Als Lieferant für organische Chemie bieten wir eine breite Palette von gesättigten und ungesättigten Produkten auf Kohlenwasserstoffbasis an. Zum Beispiel haben wir Produkte wieCAS 100366 - 66 - 3 | 6,6 - Dibrom - 2,2: 6,2 - TerpyridinAnwesendCAS 142946 - 80 - 3 | 5- (Trifluormethyl) -2 - [5- (Trifluormethyl) pyridin - 2 - yl] Pyridin, UndCAS: 14036 - 06 - 7 Diethoxymethylacetat. Diese Produkte können in verschiedenen Forschungs- und industriellen Anwendungen wie organischer Synthese, pharmazeutischer Entwicklung und Materialwissenschaft verwendet werden.

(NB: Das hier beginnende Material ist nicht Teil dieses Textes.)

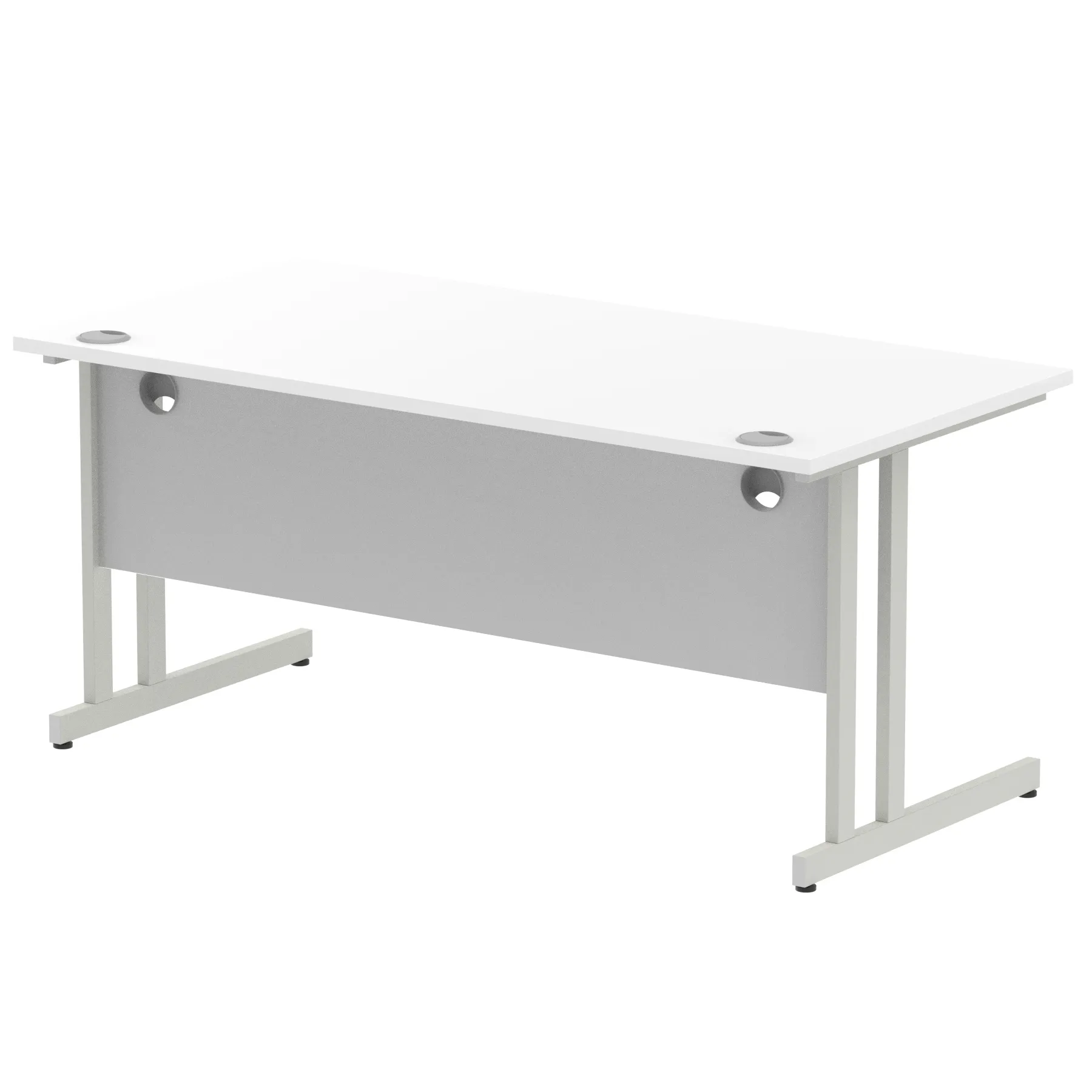 Impulse contract desk | 25mm tops | Heat resistant melamine finish | 18mm modesty panels | 2mm protective abs edging | Silver coated double strut legs | 2 cable ports | Height adjustable feet | Steel to steel fixings | 2 modesty panels slots Deep set modesty panel (5″) allows for compatibility of most screen clamp fittings | Weight Capacity 135Kg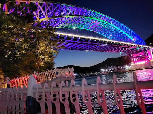 ๊ธธ์ด๋ 591mยทํญ์ 20m์ด๋ฉฐ 1998๋ ์ ์๊ณต๋์๋ค. ํต์์ดํ๋ฅผ ๊ฐ๋ก์ง๋ฌ ์ธ์์ง ๋ค๋ฆฌ๋ก, ํต์์ ๋น๋(็ถๆด)๊ณผ ๋ฏธ๋ฅต๋(ๅฝๅๅณถ)์ ๋ฏธ์๋(็พไฟฎๆด) ์ฌ์ด์ ์๋ค. ํต์๋๊ต๊ฐ ๊ฐ์ค๋๊ธฐ ์ ์๋ ํด์ ํฐ๋๊ณผ ์ถฉ๋ฌด๊ต๋ง์ด ๋ฏธ๋ฅต๋๋ก ๊ฐ ์ ์๋ ํต๋ก์๋ค. ์์นํธ๋ฌ์ค ๊ณต๋ฒ ๋ฑ์ ์ด์ฉํด ๊ฐ์คํ์ผ๋ฉฐ, 140m์ ์ค์ ์์น ๋ถ๋ถ์ 196๊ฐ์ ํฌ๊ด๋ฑ(ๆๅ ็)์ ๋ฌ์๋ค. ๋ฐค์ด ๋๋ฉด ์ด๋ก๋น ์กฐ๋ช ์ ๊ฐ์ธ์ฌ ๋ฉ์ง ์ผ๊ฒฝ์ ๋ง๋ค์ด๋ธ๋ค. ํต์๋๊ต์ ์ผ๊ฒฝ๊ณผ ํด์ ํฐ๋์ ํต์์ ๋ช ๋ฌผ๋ก ๊ผฝํ๋ค.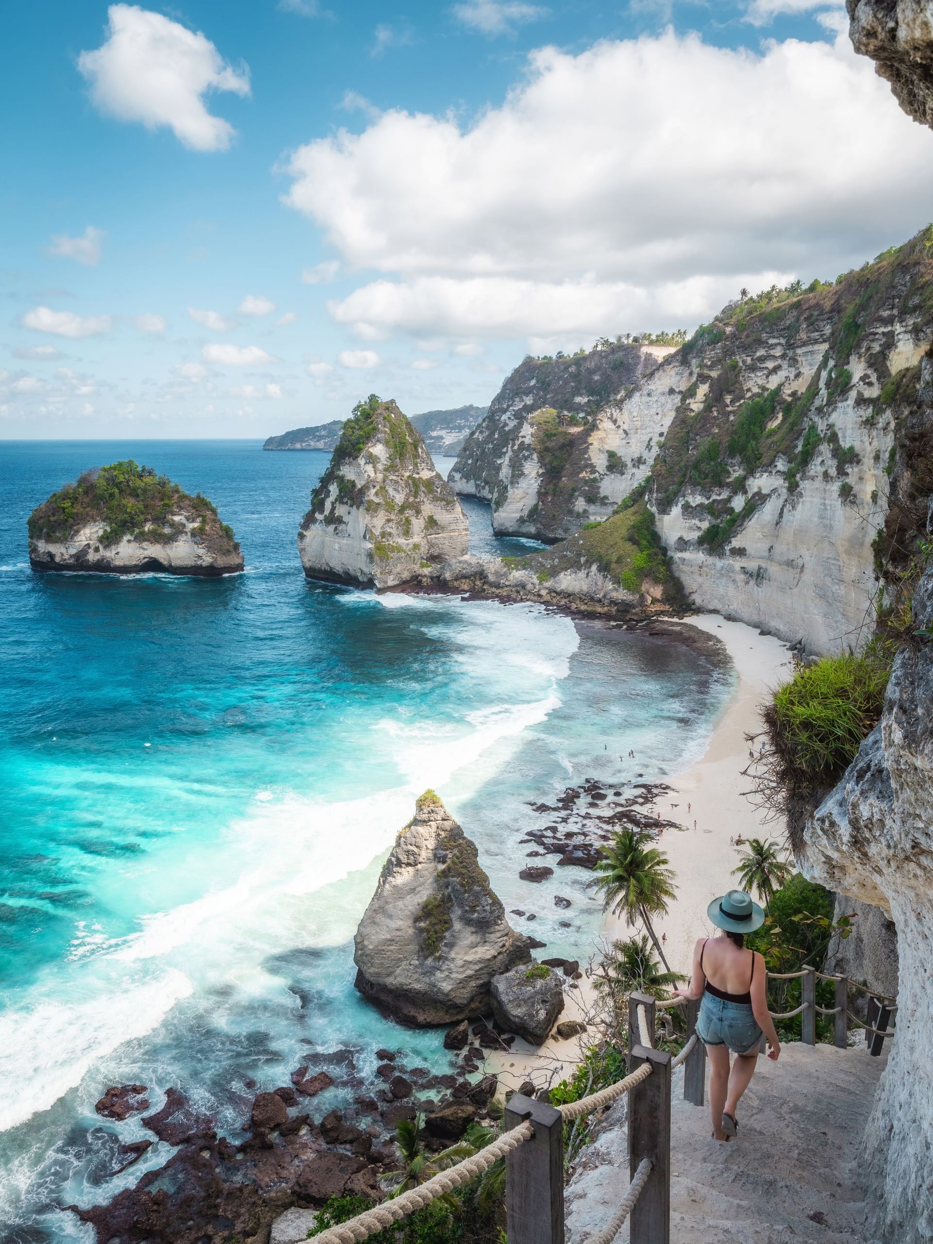 The adventure typically begins with a scenic boat ride from Bali to Nusa Penida, followed by a drive through lush hills and winding roads to the island’s eastern attractions. The first stop is often Diamond Beach, a postcard-perfect beach nestled beneath steep cliffs, named after the diamond-shaped rock formations that rise from the turquoise sea. A newly built staircase carved into the cliffside allows visitors to descend safely to the beach, where they can relax on soft white sand or take in the awe-inspiring views.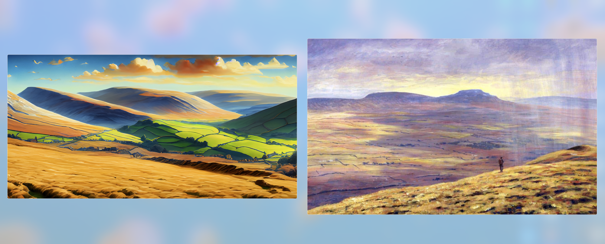Where I would draw the line with art is a completely generated by AI. Personally I am not a fan of digital art at all. Something about the human hand interacting with a piece. Chiseling stone, painting canvas, the effort and craftsmanship with no undo option. AI art lacks depth and meaning because AI has no depth and meaning, no life time of experiences. It is again algorithms and nothing more and no replacement for the human experience, only attempts at mimicking which makes it as conversational as a parrot. 2 images below, one is AI and one is painted by Keith Melling, an English artist. I think it is easy to spot what is AI and what is not. One has pretty colours and the uninformed might fight the bright colours to be enough, but there is no real looking into it, it is simply a place holder on a wall that is probably replaced with each new fad. The other is an artist, someone who has been to these places, inspired by them, lived in those hills, really sees the beauty and vastness of it all. AI will never replace real artists, though the masses may drink up the garbage art that AI spits out, just as over 300 million people think it is worth their time to follow the Kardashians on whatever platforms they are using. Ai is not the death of a culture, I would say that has already happened thanks to social media.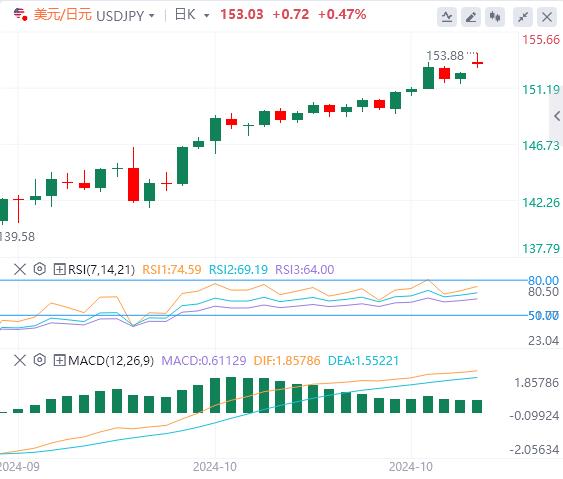 美元/日元本周开盘看涨跳空,并触及近三个月来的最高水平154.00附近。截至发稿时,该货币对的交易价格略低于153.50,当日上涨约0.7%。欧元/日元交叉盘上次上涨超过0.6%至165.50,英镑/日元上涨0.7%至198.70,凸显了围绕日元的抛售压力。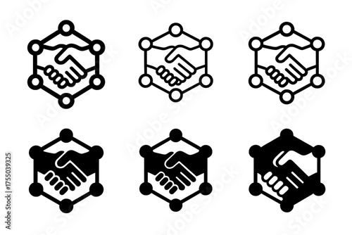 The watermark will not be included on Wall mural.: Networking logo variations - your network is your net worth - set logo of networking: connected handsh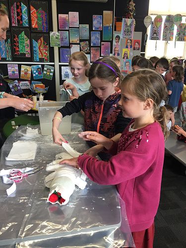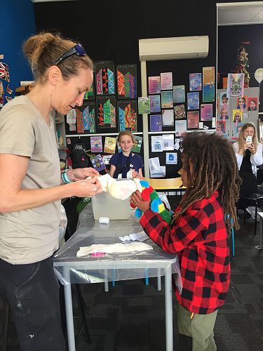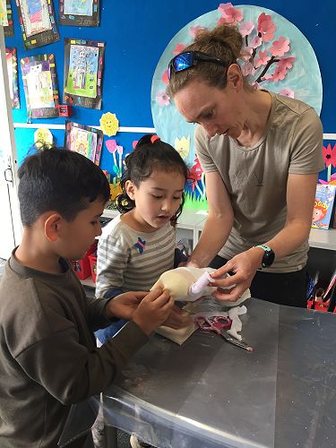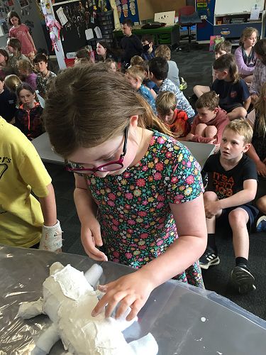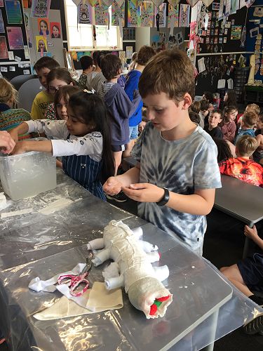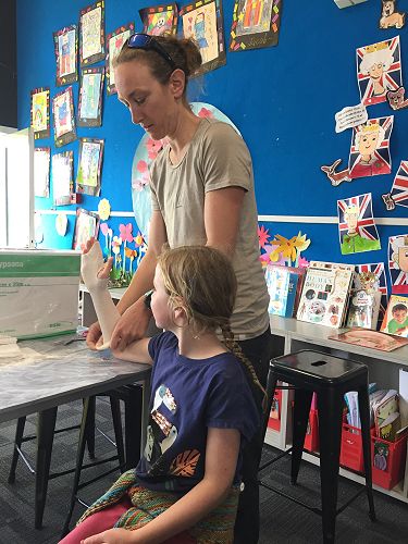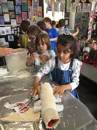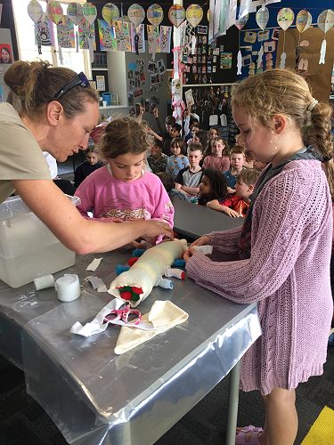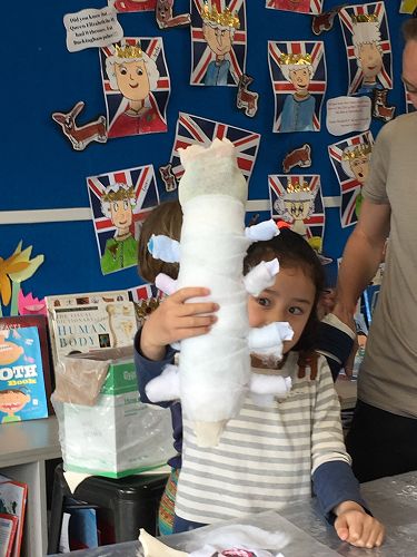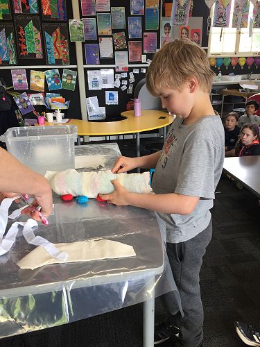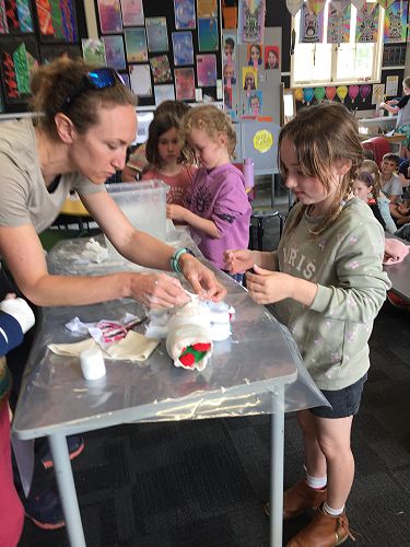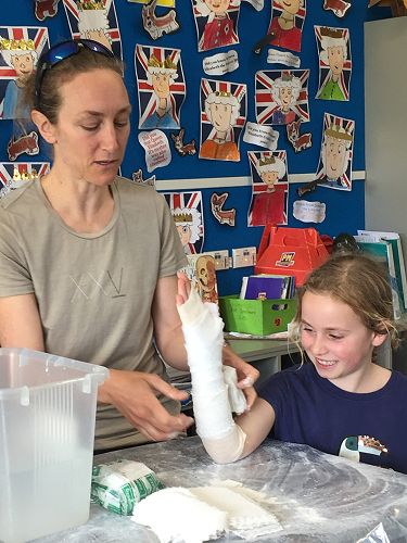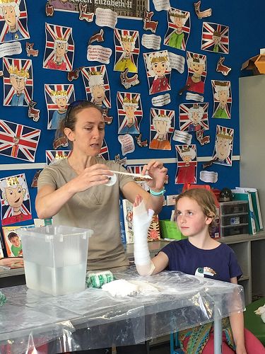 Next, Signe demonstrated how to put a real cast on Emma. We had to watch carefully, as after that we all got to help put a plaster cast on our toy caterpillar. Our caterpillar is well and truly immobilised now!

Wenn Sie nach hochwertigen organischen Verbindungen suchen, unabhängig davon, ob sie gesättigte oder ungesättigte Kohlenwasserstoffe sind, sind wir hier, um Ihnen zu helfen. Unser Expertenteam kann Ihnen detaillierte Informationen über die Produkte, ihre Eigenschaften und Anwendungen zur Verfügung stellen. Wir können auch maßgeschneiderte Lösungen basierend auf Ihren spezifischen Anforderungen anbieten. Wenn Sie daran interessiert sind, eines unserer Produkte zu kaufen oder Fragen zu haben, können Sie uns gerne für eine Beschaffungsdiskussion kontaktieren.
Referenzen
- McMurry, J. (2012). Organische Chemie. Brooks/Cole, Cengage Learning.
- Wade, LG (2013). Organische Chemie. Pearson Ausbildung.
- Clayden, J., Greeves, N., Warren, S. & Wothers, P. (2012). Organische Chemie. Oxford University Press.